Nothing negative, it appears. With the last of the financial results from supermajors released, the world’s largest oil firms reported strong profits for Q418 and blockbuster profits for the full year 2018. Despite the blip in prices, the efforts of the supermajors – along with the rest of the industry – to keep costs in check after being burnt by the 2015 crash has paid off.
ExxonMobil, for example, may have missed analyst expectations for 4Q18 revenue at US$71.9 billion, but reported a better-than-expected net profit of US$6 billion. The latter was down 28% y-o-y, but the Q417 figure included a one-off benefit related to then-implemented US tax reform. Full year net profit was even better – up 5.7% to US$20.8 billion as upstream production rose to 4.01 mmboe/d – allowing ExxonMobil to come close to reclaiming its title of the world’s most profitable oil company.
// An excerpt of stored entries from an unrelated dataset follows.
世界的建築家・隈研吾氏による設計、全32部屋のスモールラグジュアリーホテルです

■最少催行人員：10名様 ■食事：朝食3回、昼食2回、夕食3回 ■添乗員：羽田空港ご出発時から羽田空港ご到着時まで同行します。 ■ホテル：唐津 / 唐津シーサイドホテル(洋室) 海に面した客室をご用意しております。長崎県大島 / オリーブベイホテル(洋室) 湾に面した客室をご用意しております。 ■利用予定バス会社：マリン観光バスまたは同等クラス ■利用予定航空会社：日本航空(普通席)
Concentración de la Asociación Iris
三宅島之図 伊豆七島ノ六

But for now, that title is still held by Shell, which managed to eclipse ExxonMobil with full year net profits of US$21.4 billion. That’s the best annual results for the Anglo-Dutch firm since 2014; product of the deep and painful cost-cutting measures implemented after. Shell’s gamble in purchasing the BG Group for US$53 billion – which sparked a spat of asset sales to pare down debt – has paid off, with contributions from LNG trading named as a strong contributor to financial performance. Shell’s upstream output for 2018 came in at 3.78 mmb/d and the company is also looking to follow in the footsteps of ExxonMobil, Chevron and BP in the Permian, where it admits its footprint is currently ‘a bit small’.
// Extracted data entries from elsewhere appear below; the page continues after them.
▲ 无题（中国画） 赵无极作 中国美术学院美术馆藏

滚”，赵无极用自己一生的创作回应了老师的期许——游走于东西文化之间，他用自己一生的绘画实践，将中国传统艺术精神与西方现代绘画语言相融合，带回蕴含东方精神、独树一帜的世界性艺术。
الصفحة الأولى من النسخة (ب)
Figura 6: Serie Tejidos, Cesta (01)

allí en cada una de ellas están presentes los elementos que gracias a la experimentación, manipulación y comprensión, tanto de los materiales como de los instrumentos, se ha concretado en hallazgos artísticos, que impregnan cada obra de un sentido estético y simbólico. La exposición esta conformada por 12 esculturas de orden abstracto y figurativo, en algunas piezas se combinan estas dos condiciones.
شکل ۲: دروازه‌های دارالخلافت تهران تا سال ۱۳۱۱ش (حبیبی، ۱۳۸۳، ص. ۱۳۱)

Shell’s fellow British firm BP also reported its highest profits since 2014, doubling its net profits for the full year 2018 on a 65% jump in 4Q18 profits. It completes a long recovery for the firm, which has struggled since the Deepwater Horizon disaster in 2010, allowing it to focus on the future – specifically US shale through the recent US$10.5 billion purchase of BHP’s Permian assets. Chevron, too, is focusing on onshore shale, as surging Permian output drove full year net profit up by 60.8% and 4Q18 net profit up by 19.9%. Chevron is also increasingly focusing on vertical integration again – to capture the full value of surging Texas crude by expanding its refining facilities in Texas, just as ExxonMobil is doing in Beaumont. French major Total’s figures may have been less impressive in percentage terms – but that it is coming from a higher 2017 base, when it outperformed its bigger supermajor cousins.
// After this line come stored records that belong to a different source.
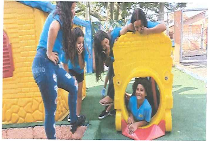
“ESPORTE, RECREAÇÃO E LAZER”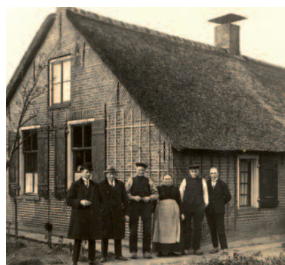
De beide broers met Teuntje

In hun kennissenkring was ook een Rigter die een zwerfend bestaan leed. Het schijnt dat hij nog al eens bij de gebroeders Rigter op bezoek kwam. Hij kreeg daar dan wat eten en wat geld en ging dan weer verder. Zo ook op dinsdag 23 maart 1924. Ook die dag moet hij daar zijn geweest en kreeg hij wat geld mee. Die middag moet het erg geregend hebben en toen hij te voet in Baarn was beland, vroeg en kreeg hij onderdak in de cel. Het was toen gebruikelijk dat men vanaf 's avonds negen uur bij de politie onderdak kon krijgen. Maar omdat het zo regende gaf men dit onderdak eerder op de dag. Hij moet ook nog brood en koffie gehad hebben en zijn ingeschreven, en werd die middag om zes uur opgesloten. Het nachtverblijf moet 20 meter van het toenmalige politiebureau hebben gestaan. Deze man kwam meer in Baarn en was er een beetje bekend. Het was ook iemand die iedereen groette en was daardoor een bekend figuur in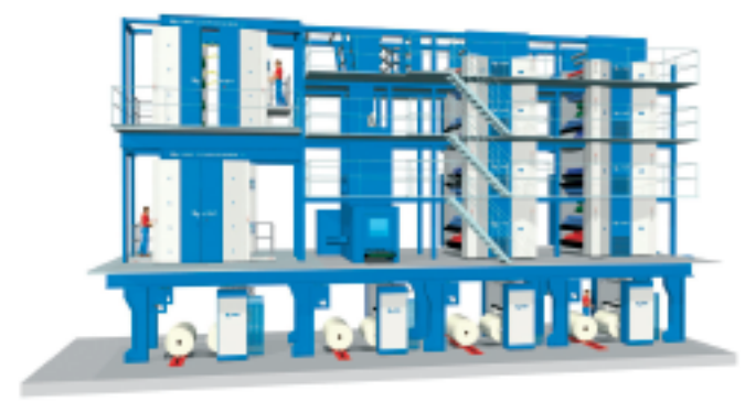
standsvorsitzender KBA) und Bernhard Harant (Spartenleiter KBA). So wird die KBA Commander-Anlage bei der Main-Post nach der Erweiterung im Jahr 2008 aussehen. Links die beiden zu einem 16er-Turm für 32 vierfarbige Broadsheet-Seiten aufeinander gesetzten kompakten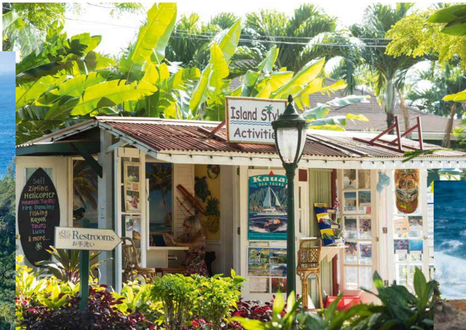
Rechts: Biker am Kealia Beach.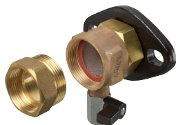
Kit DN 20-25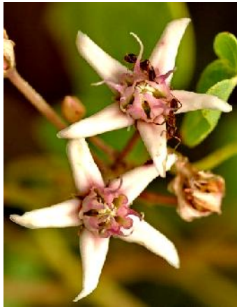
شکل ۸- حشرات روی گل کاتوس عامل انتقال دانه گرده هستند

ضمن تماس حشره با گل، صفحه پایه‌ای چسبناک ناقص ۳ به سر حشره متصل می‌شود. تمام این صفحه به همراه محتویات دانه گرده به وسیله حشره از یک گل به گل دیگر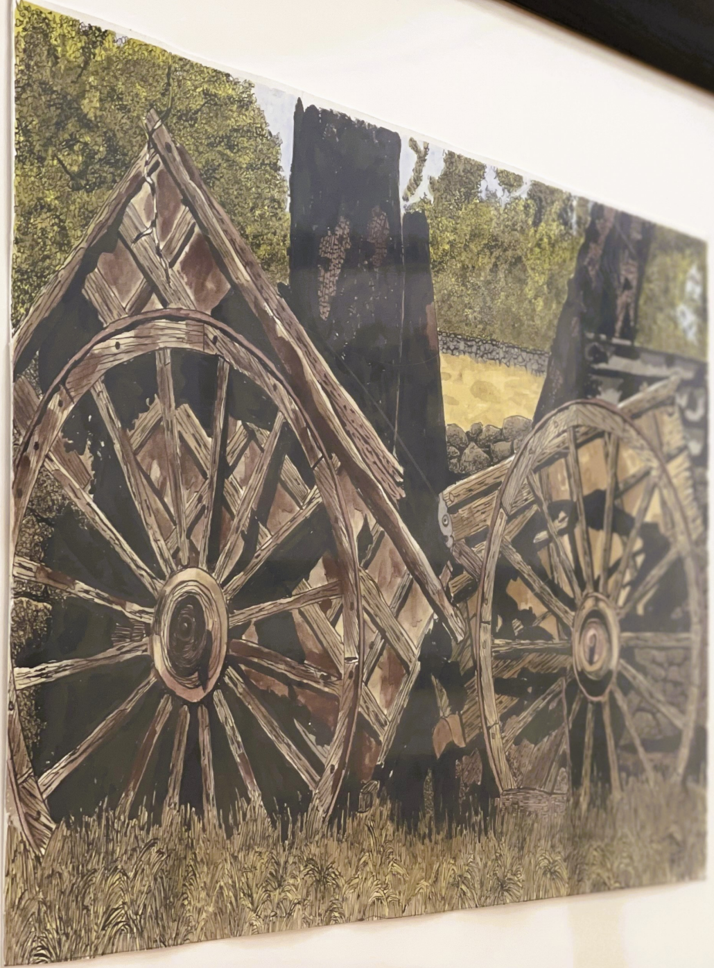
Small white label with illegible text, likely a title or description of the illustration.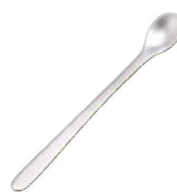
㉕ O-7-2 ステンレス(小)スプーン ¥330 (8.6L)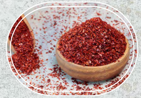
Pul Biber İpek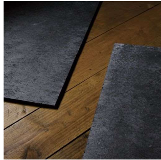
自然の風合いをそのままに時間とともに変化をする。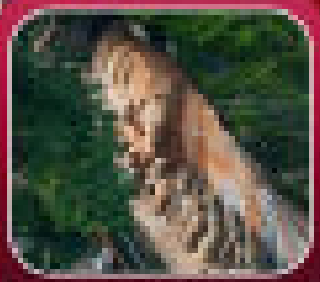
"อุทยานน้ำร้อน"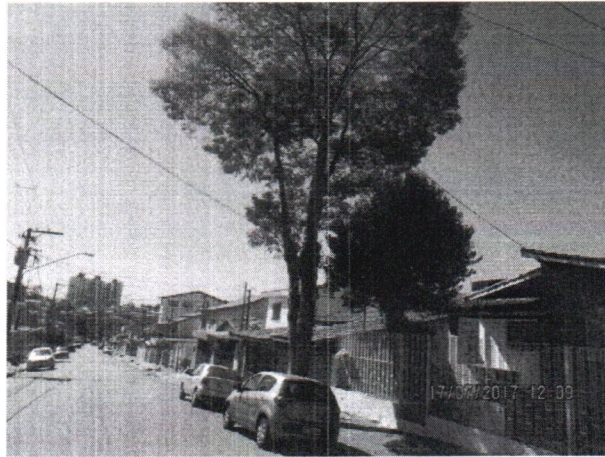
Fotos 1 a 3 – Rua Reverendo Paulo Licio Rizzo, 321 – Alves Dias – Subst. – OF 239-2017 Aurélio

So, despite the year ending with crude prices in the doldrums, 2018 seems to be proof of Big Oil’s ability to better weather price downturns after years of discipline. Some of the control is loosening – major upstream investments have either been sanctioned or planned since 2018 – but there is still enough restraint left over to keep the oil industry in the black when trends turn sour.
Supermajor Net Profits for 4Q18 and 2018
- 4Q18 – Net profit US$6 billion (-28%);
- 2018 – Net profit US$20.8 (+5.7%)
- 4Q18 – Net profit US$5.69 billion (+32.3%);
- 2018 – Net profit US$21.4 billion (+36%)
- 4Q18 – Net profit US$3.73 billion (+19.9%);
- 2018 – Net profit US$14.8 billion (+60.8%)
- 4Q18 – Net profit US$3.48 billion (+65%);
- 2018 - Net profit US$12.7 billion (+105%)
- 4Q18 – Net profit US$3.88 billion (+16%);
- 2018 - Net profit US$13.6 billion (+28%)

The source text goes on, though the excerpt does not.